I might further add that not only has the 2nd respondent¬-petitioner
failed to supply the Court with the necessary docu¬ments, he has even made averments
in his petition which do not accurately reflect the state of the true facts.
The proceedings filed show that the order of Court of 19.2.1980 was delivered
in open Court in the presence of the parties. Mr. Nagarajah had appeared for
the 1st respondent. On that occasion the 2nd res¬pondent-petitioner moved for
one month's time to vacate the land without causing any damage to the buildings
and to hand over possession. The 2nd respondent-petitioner has however stated
In his petition that he was dragged into the Magistrate's Chambers and
peremptorily asked, to leave the land in one month. This Court would be very
slow indeed to permit contra¬diction of the record of the trial Judge. On this
question I like to remind myself of the words of Bonser, C.J. in Orathinahamy
v. Romanis (1)
"With the appeal was filed an affidavit which I
have not read........................and I understand that the affidavit is to
the effect that the record of the evidence taken by the Magistrate does not
give a correct account of the statements of the witnesses, and it is sought to
impeach the record,nd to prove that certain statements were made Which do not
appear on the record.................................it seems to me to be contrary
to all principle to admit such an affidavit, and I certainly will not be the
first to establish such a novelty in appellate proceedings. The prospect is an
appalling one, if on every appeal it is to be open to the appellant to contest
the correctness of the record................ If such a procedure is to be introduced it
must be introduced it must be introduced by some other Judge than
myself".
This dictum was cited with approval by Canekaratne, J. in the case of
Gunawardene v. Kelaart (2). I am in respectful agreement with these views .I
would like to emphasise that in applications of this type the Court expects and
insists on uberrima fides.
What I have said in regard to the preliminary objection is sufficient to
conclude this matter but as we heard considerable argument on the question of
jurisdiction also I would refer to it.
On behalf of the petitioner it was submitted that the
learned Magistrate had failed to satisfy himself that a breach of the peace was
imminent before he issued process. As the Magistrate failed initially to
satisfy himself of the likelihood of a breach of the peace he was not vested
with jurisdiction to proceed in the matter. Reliance was had on the Indian case
of Bisram v. Kamta Pd (3) where the Court in interpreting a provision of the
Indian Criminal Procedure Code similar to our section 62 held that the
Magistrate must make an order stating in writing the grounds of his being
satisfied that a dispute likely to cause a breach of the peace exists. The Indian
statutory provision however is not identical with ours. The local decisions on
section 62 of the Administration of Justice Law, No. 44 of 1973, are agreed
that all that is necessary is that the Magistrate himself must be satisfied on
the material on record that there is a present fear that there will be a breach
of the peace stemming from the dispute unless proceedings are taken under the
section. On this point I might straight away say that it is true that in the
first instance the learned Magistrate had no material on which he could have
been satisfied that a breach of the peace was likely but there¬after evidence
was led on the question and this evidence is sufficient not only to found the belief
that the breach of the peace was likely on the date the application was made,
but also to rectify any defect in the earlier proceedings.

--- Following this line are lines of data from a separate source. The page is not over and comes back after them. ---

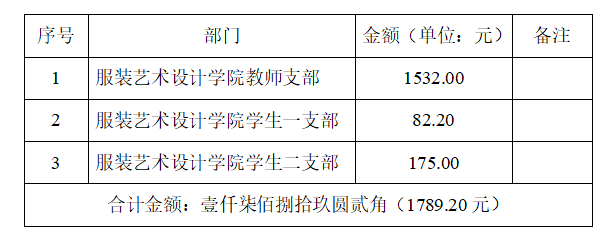 服装艺术设计学院党总支2020年8月党费收缴汇总表
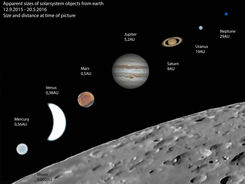 Größe und Abstand der Planeten entsprechen in etwa dem Aufnahmedatum. Dabei ist die Astronomische Einheit (abgekürzt AE, international AU für englisch astronomical unit) laut Definition AU = 149 597 870 700 Meter. Das ist ungefähr der mittlere Abstand zwischen Erde und Sonne.
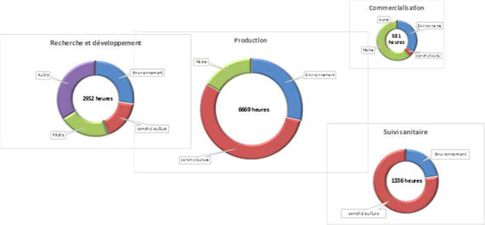 Ainsi, 6669 heures ont été consacrées au soutien technique des productions, 2952 heures ont été dédiées à la recherche et au développement, 1336 heures ont été nécessaires au suivi sanitaire et enfin 581 heures aux questions relevant des aspects commerciaux.
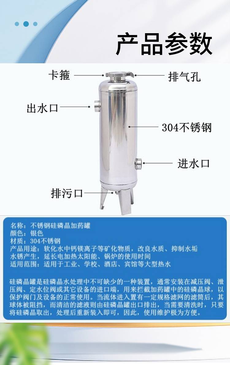 供热管道阻垢硅磷晶罐 卡箍型硅磷晶加药罐 立式硅磷晶罐宁波
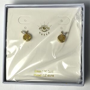 Eye Candy LA Luxe Earrings Crystal LEMON ZEST Fruit 18k Gold Plate CZ Stone Stud
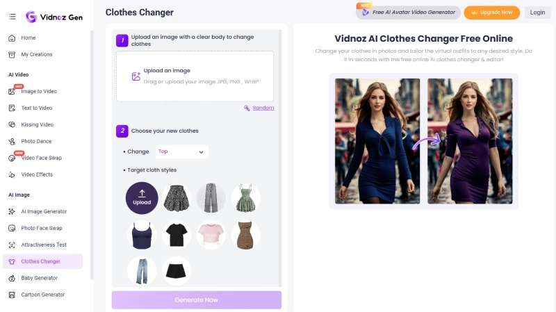 Vidnoz AI Clothes Changer is a 100% free online AI outfit generator enabling users to try various clothes virtually. Its user-friendly interface, expansive fashion library, and seamless experience make Vidnoz Clothes Changer a go-to destination for experimenting with new styles.
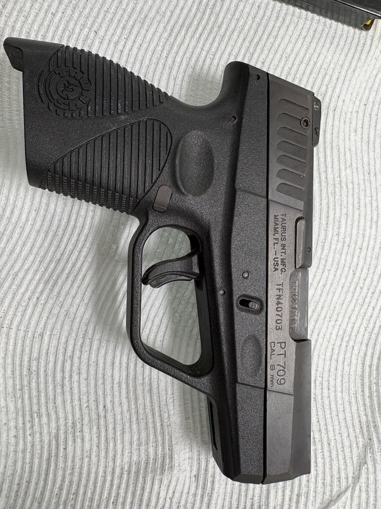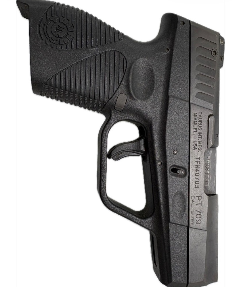 The Taurus Brazil PT709 Slim, a sleek semi-automatic 9MM pistol, offers exceptional concealed carry comfort. Featuring a compact, black-on-black design, it comes with one magazine. Its additional thumb safety feature ensures secure handling. Designed for precision, reliability, and user safety, it's an excellent choice for personal defense. MUST BE 21 YEARS OF AGE OR OLDER WITH VALID ALABAMA ID AND MUST BE ABLE TO PASS A FEDERAL BACKGROUND CHECK

It is significant that no objection to jurisdiction
has been raised by the 2nd respondent-petitioner until the matter was argued
before us. It is also significant that the objection to jurisdiction has not
been taken even in the petition that has been filed before us. It is necessary
to remember that an objection to jurisdiction must be taken as early as possible.
Section 39 of the Judicature Act, No. 2 of 1978 (and prior to that section 43
of the Administration of Justice Law, No. 44 of 1973) laid down that-
" Whenever any defendant or accused party shall
have pleaded in any action, proceeding or matter brought in any Court of First
Instance neither party shall afterwards be entitled to object to the jurisdiction
of such court, but such court shall be taken and held to have jurisdiction over
such action, proceeding or matter". (cf. also sections 30 and 71 of the
old Courts Ordinance).
Further the failure to object to jurisdiction when the
matter was being inquired into must be treated as a waiver on the part of the
2nd respondent-petitioner. It is true that jurisdiction cannot be conferred by
consent. But where a matter is within the plenary jurisdiction of the Court if
no objection is taken, the Court will then have jurisdiction to proceed on with
the matter and make a valid order. This point has been well explained by
Chandavakar, J. in the case of Jose Antonio Baretto v. Francisco Antonio
Rodrigues (4) :
"But it is urged that the parties cannot by
consent give jurisdiction where none exists. That is so where the law confers
no jurisdiction. Here the consent is not given to jurisdiction where none
exists ".
This was a case where the plaintiff had sued the
defendant regarding a property the market value of which he fixed at an amount
so as to bring it within the monetary jurisdiction of a second class
subordinate judge. The defendant did not object to the value. The Court held
that where parties expressly or by conduct agree to treat the suit as one for
property of a value so as to bring the suit within the monetary jurisdiction of
the Court, the parties must be treated as having waived inquiry by the court as
to the facts necessary for the determination of the question as to jurisdiction
based on monetary value where that question depends on facts to, be
ascertained.
In the case of Alagappa Chetty v. Arumugam Chetty (5),
Bertram. C.J. on the same point cited with approval a dictum of Mookerjee, J.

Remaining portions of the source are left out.